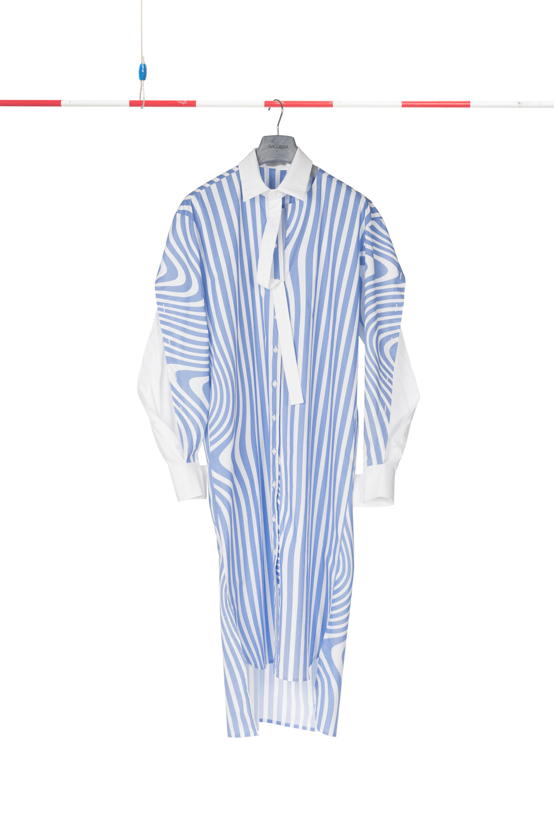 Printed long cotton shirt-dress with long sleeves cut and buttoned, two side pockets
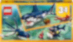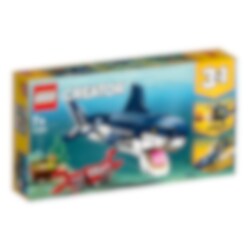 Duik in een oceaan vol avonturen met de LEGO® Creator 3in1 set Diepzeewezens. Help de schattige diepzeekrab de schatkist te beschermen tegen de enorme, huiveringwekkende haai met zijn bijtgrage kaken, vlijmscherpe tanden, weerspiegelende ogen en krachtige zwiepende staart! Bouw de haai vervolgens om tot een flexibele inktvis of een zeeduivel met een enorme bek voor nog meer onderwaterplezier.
---
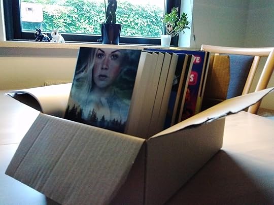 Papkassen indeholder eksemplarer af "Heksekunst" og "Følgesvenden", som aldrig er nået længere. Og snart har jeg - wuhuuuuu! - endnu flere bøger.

> [What to produce]: Pictures aside, print exactly the lines above starting with the one containing "Printed long cotton" and going on through the one containing "Duik in een".

> [Answer area]:
 Printed long cotton shirt-dress with long sleeves cut and buttoned, two side pockets
 Duik in een oceaan vol avonturen met de LEGO® Creator 3in1 set Diepzeewezens. Help de schattige diepzeekrab de schatkist te beschermen tegen de enorme, huiveringwekkende haai met zijn bijtgrage kaken, vlijmscherpe tanden, weerspiegelende ogen en krachtige zwiepende staart! Bouw de haai vervolgens om tot een flexibele inktvis of een zeeduivel met een enorme bek voor nog meer onderwaterplezier.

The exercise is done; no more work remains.